• _Recorded data_

■ ■ ■ ■ ■

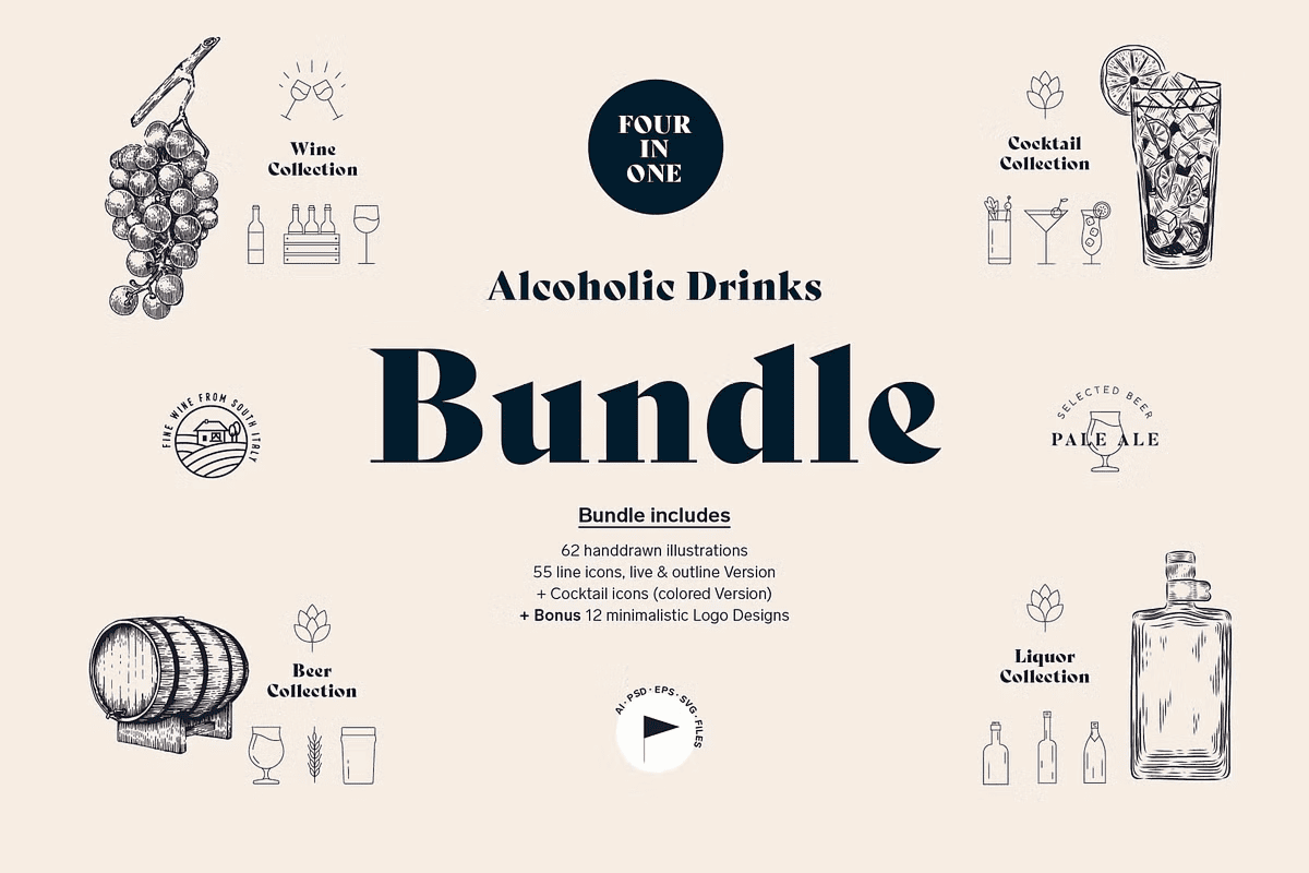 Supercharge your creative projects with the ultimate **Alcoholic Drinks Illustration Bundle**—a meticulously curated collection of 62 high-quality, hand-drawn vector illustrations designed to elevate any bar, restaurant, or lifestyle brand. This is more than just a bundle—it’s your full design arsenal for crafting captivating visuals that command attention and drive engagement.
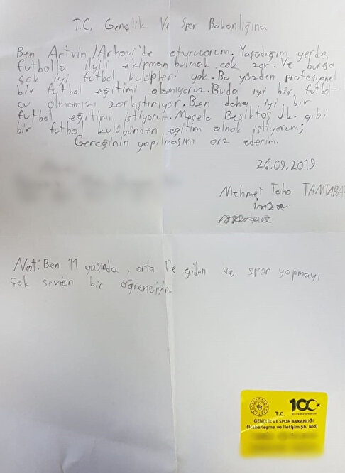Futbol sevgisi nedeniyle boş zamanlarının çoğunu okul bahçelerinde ve sokak aralarında beton zeminde futbol oynayarak geçiren, 11 yaşındaki Mehmet Taha Tamtabak, futbol eğitimi alarak daha uygun koşulda futbol oynayabilmek için Gençlik ve Spor Bakanı Mehmet Muharrem Kasapoğlu’na mektup yazdı.
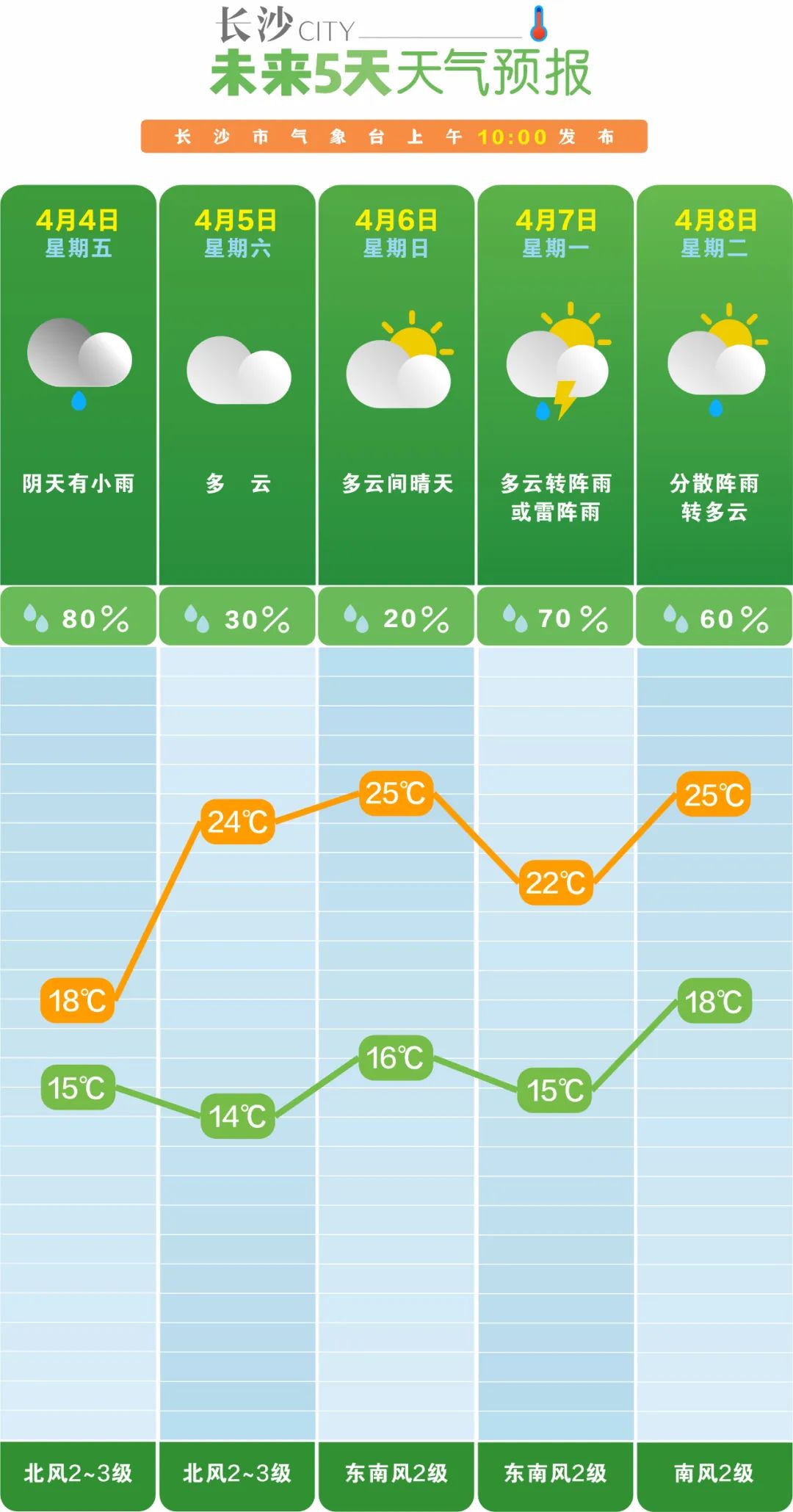 长沙气象台预计:今天,阴天有小雨,15~18℃;五日至七日,白天以阴天或晴天为主;七日晚至八日,受高空波动影响,有阵雨;九日至十日晴天多云。

■ ■ ■ ■ ■

With the pictures set aside, copy each line above as written.

 Supercharge your creative projects with the ultimate **Alcoholic Drinks Illustration Bundle**—a meticulously curated collection of 62 high-quality, hand-drawn vector illustrations designed to elevate any bar, restaurant, or lifestyle brand. This is more than just a bundle—it’s your full design arsenal for crafting captivating visuals that command attention and drive engagement.
Futbol sevgisi nedeniyle boş zamanlarının çoğunu okul bahçelerinde ve sokak aralarında beton zeminde futbol oynayarak geçiren, 11 yaşındaki Mehmet Taha Tamtabak, futbol eğitimi alarak daha uygun koşulda futbol oynayabilmek için Gençlik ve Spor Bakanı Mehmet Muharrem Kasapoğlu’na mektup yazdı.
 长沙气象台预计:今天,阴天有小雨,15~18℃;五日至七日,白天以阴天或晴天为主;七日晚至八日,受高空波动影响,有阵雨;九日至十日晴天多云。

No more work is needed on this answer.